** WHAT YOU NEED TO DO **
Reproduce exactly the lines from the one containing "au 22 novembre)." through the end of the listing, minus the pictures.

** DATASET EXTRACT **
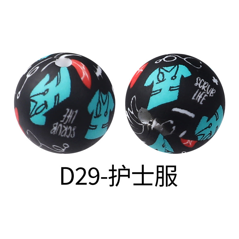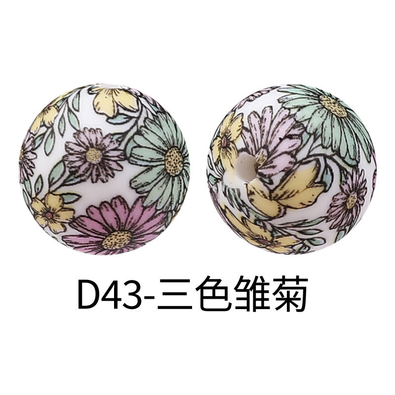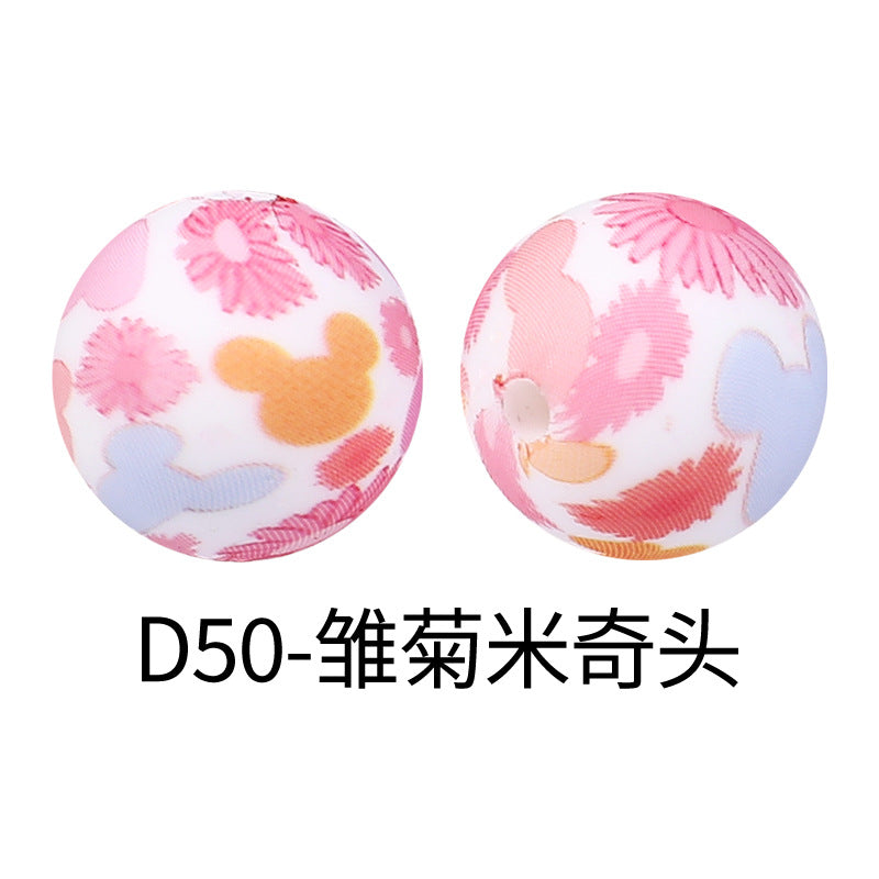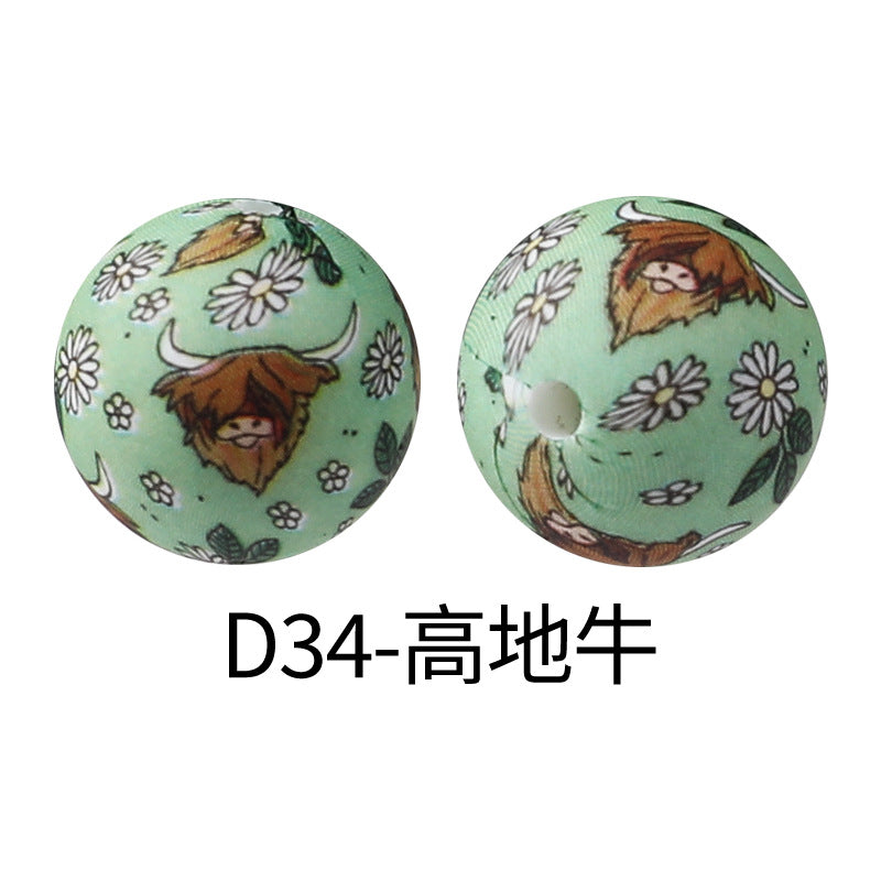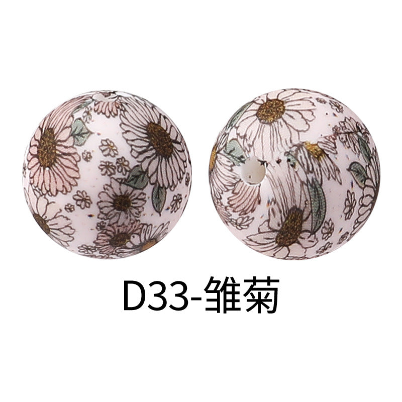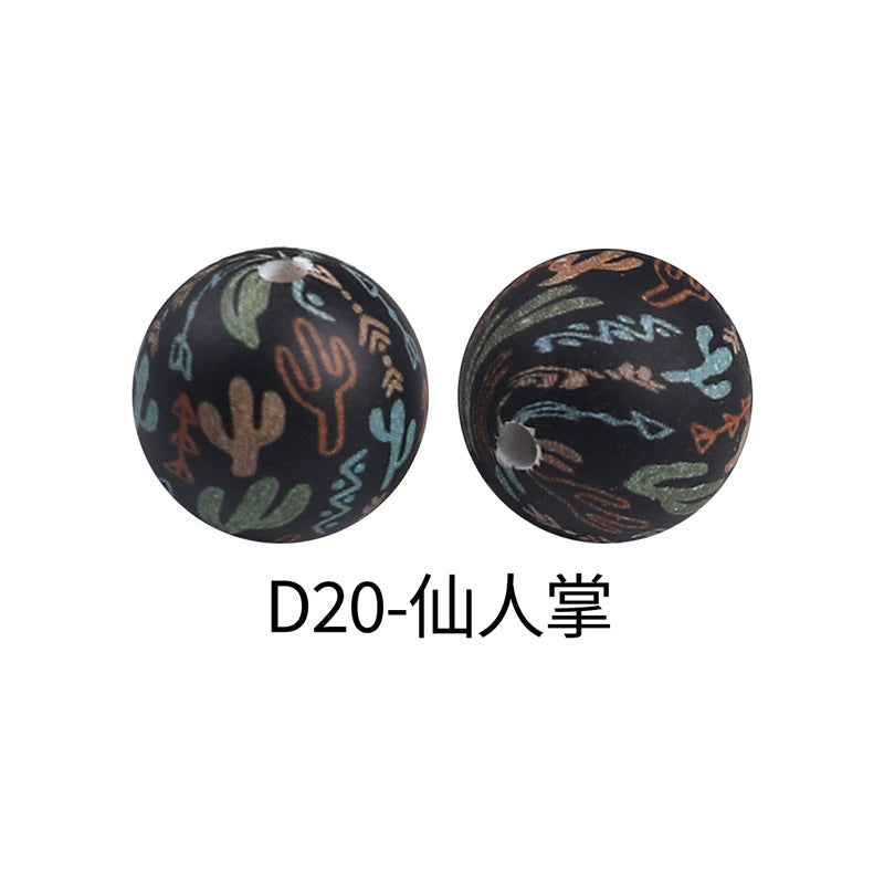 15mm new rhombus pattern silicone beads water transfer leopard print bracelet beaded jewelry silicone loose beads wholesale
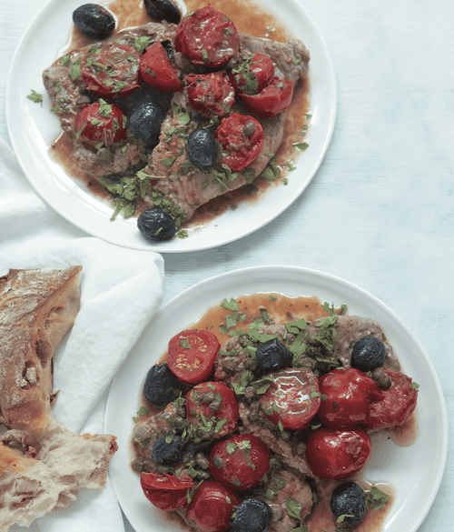 When the oil is hot, fry the steaks or escalopes on high heat for 30 seconds on each side (if you like your steaks more well-done, keep them on the heat a little longer). Then remove the pan from the heat, transfer the steaks to a large sheet of foil and wrap them to create a loose, tightly sealed envelope. At this stage, I do not salt the meat as the olives are very salty. If you are using regular pitted olives, salt the meat.
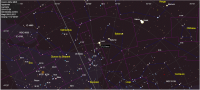 – Devant la constellation de la Vierge (Virgo - Vir) depuis le 17 septembre, il arrive devant la Balance le 31 octobre à 13h44 (longitude écliptique 218°1’ (9e SCO°) et traverse cette constellation jusqu’au 22 novembre (il y une erreur sur la page Wikipedia : ce n’est pas du 31 septembre (!) au 22 octobre mais bien du 31 octobre au 22 novembre).
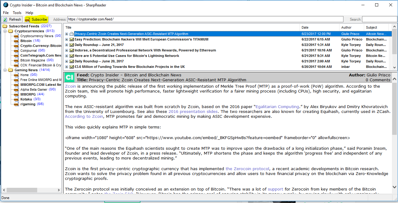 I am going to give you an example of what RSS Feed on Crypto looks like:
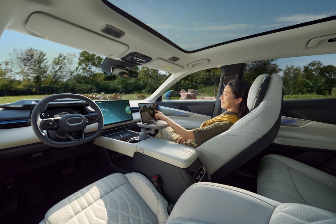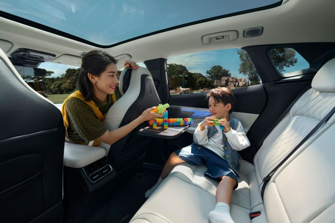 针对家庭使用场景,空间上,新车以“四座平权”理念打造,后排纵向空间近1300mm、后备厢最大扩容至1277L,7L双开门冷暖控温冰箱、承重15kg的二排小桌板,可满足家庭载物、饮食及多场景使用需求。

** SOLUTION TO THE EXERCISE **
 – Devant la constellation de la Vierge (Virgo - Vir) depuis le 17 septembre, il arrive devant la Balance le 31 octobre à 13h44 (longitude écliptique 218°1’ (9e SCO°) et traverse cette constellation jusqu’au 22 novembre (il y une erreur sur la page Wikipedia : ce n’est pas du 31 septembre (!) au 22 octobre mais bien du 31 octobre au 22 novembre).
 I am going to give you an example of what RSS Feed on Crypto looks like:
 针对家庭使用场景,空间上,新车以“四座平权”理念打造,后排纵向空间近1300mm、后备厢最大扩容至1277L,7L双开门冷暖控温冰箱、承重15kg的二排小桌板,可满足家庭载物、饮食及多场景使用需求。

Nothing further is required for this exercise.